Un petit garçon demanda à sa mère :
- Pourquoi pleures-tu ?
- Parce que je suis une femme, lui répondit-elle.
- Je ne comprends pas, dit-il.
Sa mère le prit dans ses bras et lui dit :
- Et jamais tu ne comprendras.
Plus tard le petit garçon demanda à son père :
- Pourquoi maman pleure-t-elle ? Je ne comprends pas !
- Toutes les femmes pleurent sans raison, fut tout ce que son père put lui dire.
Devenu adulte, il demanda à Dieu :
- Seigneur, pourquoi les femmes pleurent-elles aussi facilement ?
Et Dieu répondit :
- Quand j'ai fait la femme, elle devait être spéciale.
J'ai fait ses épaules assez fortes pour porter le poids du monde ;
et assez douces pour être confortables.
Je lui ai donné la force de donner la vie,
et celle d'accepter le rejet qui vient souvent de ses enfants.

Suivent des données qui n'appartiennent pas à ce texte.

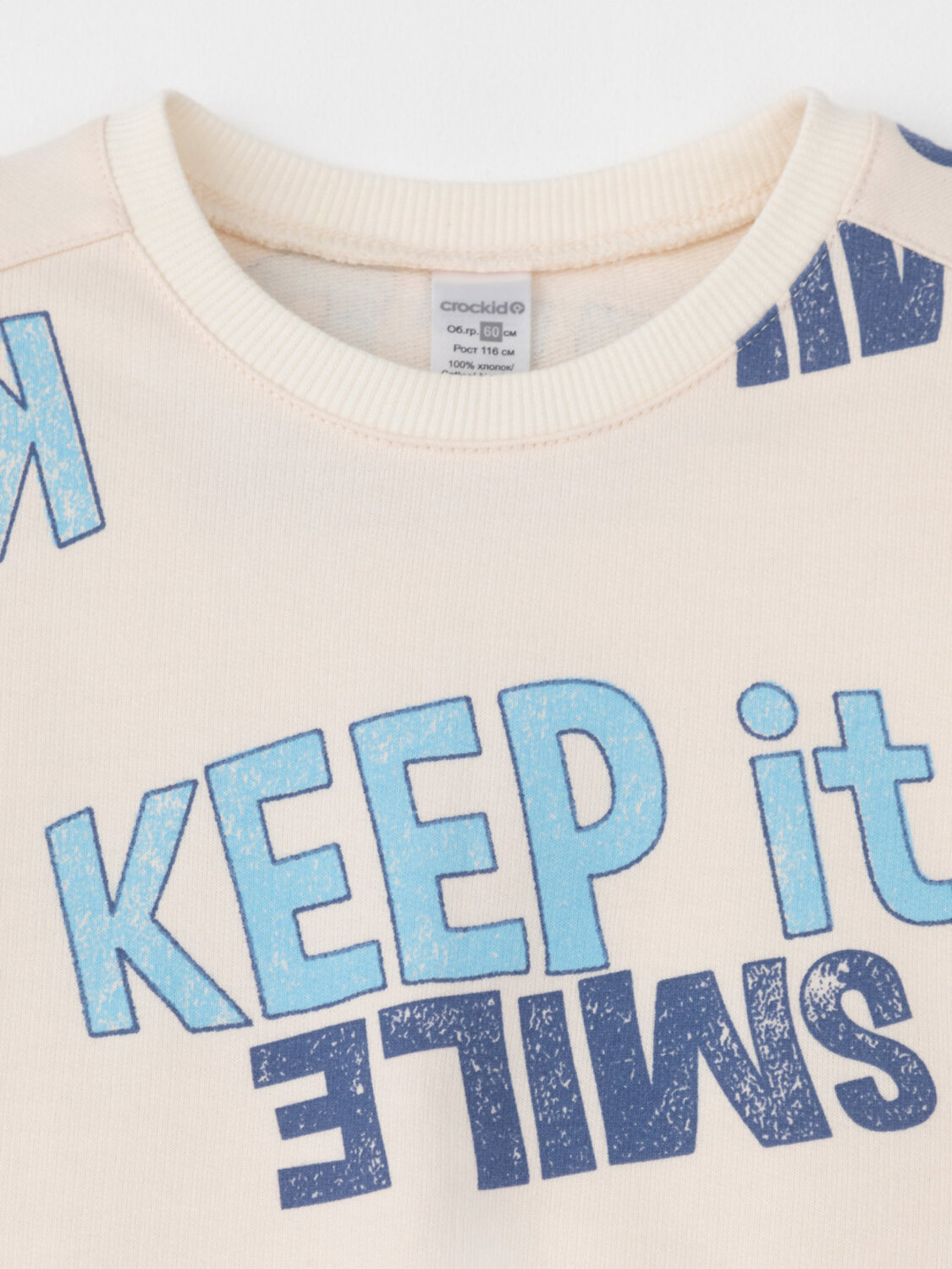 Джемпер для мальчика из высококачественного петельчатого футера. Обтачка горловины, манжеты и пояс выполнены из эластичного полотна. Оригинальная набивка выполнена из стойких текстильных гипоаллергенных красителей.

« Je lui ai donné la force pour lui permettre de continuer quand tout le monde abandonne,
et celle de prendre soin de sa famille en dépit de la maladie et de la fatigue.
Je lui ai donne la sensibilité pour aimer ses enfants d'un amour inconditionnel,
même quand ces derniers l'ont blessée durement.
« Je lui ai donné la force de supporter son mari dans ses défauts
et de demeurer à ses côtés sans faiblir.
Et finalement je lui ai donné des larmes à verser quand elle en ressent le besoin.
« Tu vois mon fils, la beauté d'une femme n'est pas dans les vêtements qu'elle porte,
ni dans son visage, ou dans la façon de se coiffer les cheveux.
La beauté d'une femme réside dans ses yeux.
car c'est la porte d'entrée de son coeur - le lieu où réside l'amour.
Et c'est souvent par ses larmes que tu vois passer son coeur.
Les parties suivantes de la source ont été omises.